When the Belgians refused to approve the project, the Marshall Plan's Economic Cooperation Administration (ECA) recommended that the project be funded anyway.
A large part of the Marshall Plan counterpart funds of 1949–51 were used by Sollac and Usinor.
Sollac became the largest single project funded by the Marshall Plan, with $49.4 million of direct funds and $83.7 million of counterpart funds.
It was hoped by the Americans that with two strip mills a French monopoly was less likely to emerge.

History

Early expansion (1949–69)

The foundation stone for the Sollac mill was laid on 23 December 1949 in the small village of Serémange on the banks of Fensch river.
U.S. Ambassador David K. E. Bruce said at the groundbreaking ceremony, which was attended by the French Foreign Minister Robert Schuman and Minister of Industry Robert Lacoste, that he hoped the French iron-steel industry would soon be the first in Europe".
In 1950 the company formed an association with Continental Foundry and Machines for manufacture of pilger rolls for continuous mills.
The Sollac continuous strip mills at Serémange-Erzange opened in 1954.
In September 1954 Jules Aubrun was asked by Sollac to assume the post of president, replacing Léon Daum, who had been called to serve in the High Authority of the European Coal and Steel Community in  Luxembourg.

In 1954 there were more than 2,000 workers in the factories of Serémange alone.
In 1955 half the 3,000 workers at Sollac were Algerian, brought in by the company due to the shortage of French workers.
Production of crude steel at Serémange reached 1,411,000 tons by 1959.
Serémange had its own oxygen factory, which was expanded in 1959.
This was the location where the pure oxygen Kaldo process was to be installed, with a planned capacity of 500,000 tons.
A 160t Kaldo furnace was installed in 1960 at Sollac's Florange steelworks.

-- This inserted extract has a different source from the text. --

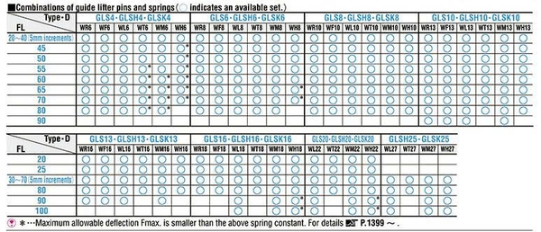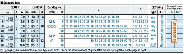 GLS-GLP: 02 loại chốt tiêu chuẩn với các thông số đường kính, chiều dài chuẩn misumi
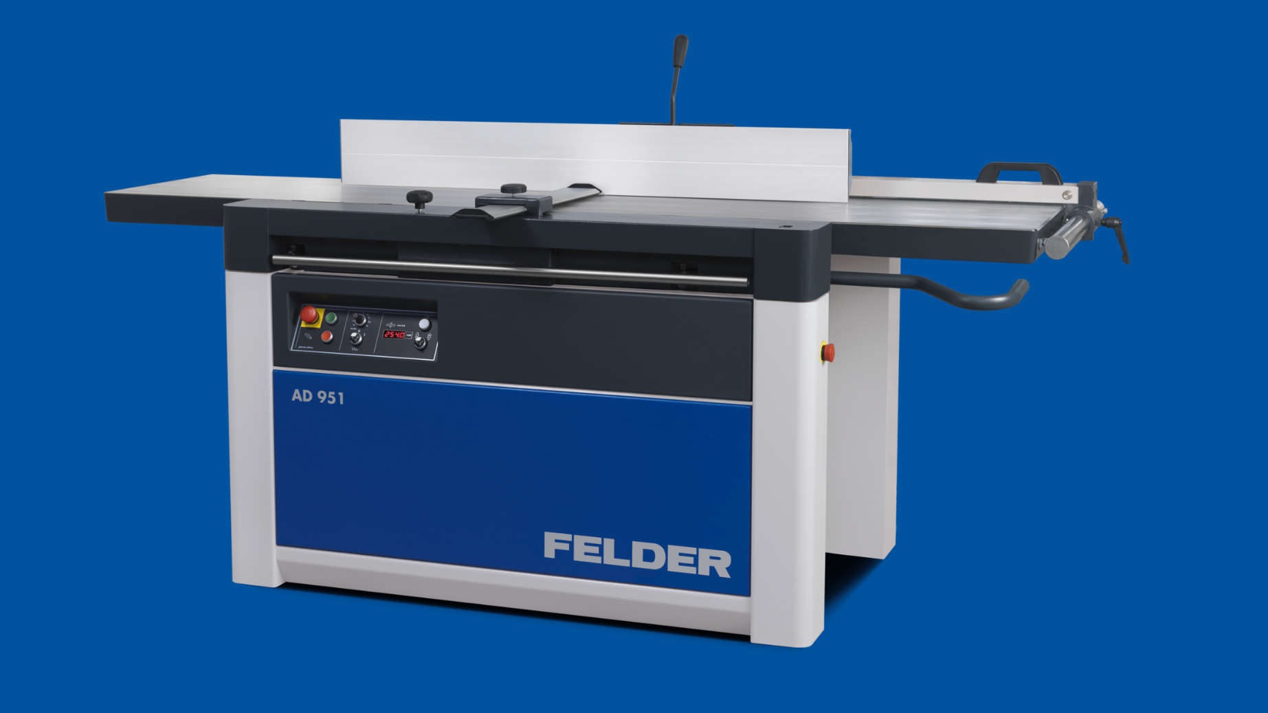 Die AD 951 Hobel-Dickenhobelmaschine erzielt exzellente Hobelergebnisse, während hervorragenden Bedienkomfort bietet. Massiv verrippte Abrichttische und eine 4-Säulen Dickentischführung sorgen für höchste Stabilität. Das formschlüssige Abrichttisch-Verstellsystem, 120 mm Messerflugkreis und die patentierte Felder Systemhobelwelle garantieren exakteste Ergebnisse. Ein intuitives Bedienkonzept reduziert Umrüstarbeiten auf wenige Handgriffe und macht die AD 951 zu einer Maschine der Spitzenklasse.

In 1951 PFFW and Wendel et Cie merged to form de Wendel SA.
Pont-à-Mousson and Marine Firminy formed Sidélor in 1951, holding their combined assets in Lorraine.
In 1964 Sidélor and Wendel formed the Societé des aciéries de Lorraine.
The consortium that was fully merged in January 1968 to form Wendel-Sidelor.
It controlled both Sacilor and Sollac. Sacilor specialised in long product while Sollac produced flat products.
In 1968 a new Sacilor plant was being built in the Moselle valley at Gandrange, expected to have a capacity of 1.6 million tons by 1970.
In the late 1960s Saint-Gobain-Pont-à-Mousson, which owned half of Wendel-Sidélor, decided to withdraw from steelmaking.

Solmer (1970–72)

In the mid-1960s the French government set up a group under Sollac's director general, Louis Dherse, to look into building a second new French steel mill.
The government pushed Sollac into building the plant at Fos-sur-Mer in the Rhone's Mediterranean delta.
Sollac would have preferred a site near Le Havre, since it would have been closer to large markets, but the government's regional development plans took priority.
Solmer (Societé Lorraine et Méridionale de Laminage Continu) was formed in November 1970 as a Sollac subsidiary to build and operate the new plant.
Sollac was in turn a subsidiary of Wendel-Sidélor.
At the same time, Usinor decided to increase the capacity of its Dunkirk plant to 8 million tons per year.
Taken with the 4 million tons from Fos-sur-Mer, the two companies would add almost 8 million tons or about 45% of total French output between 1968 and 1973.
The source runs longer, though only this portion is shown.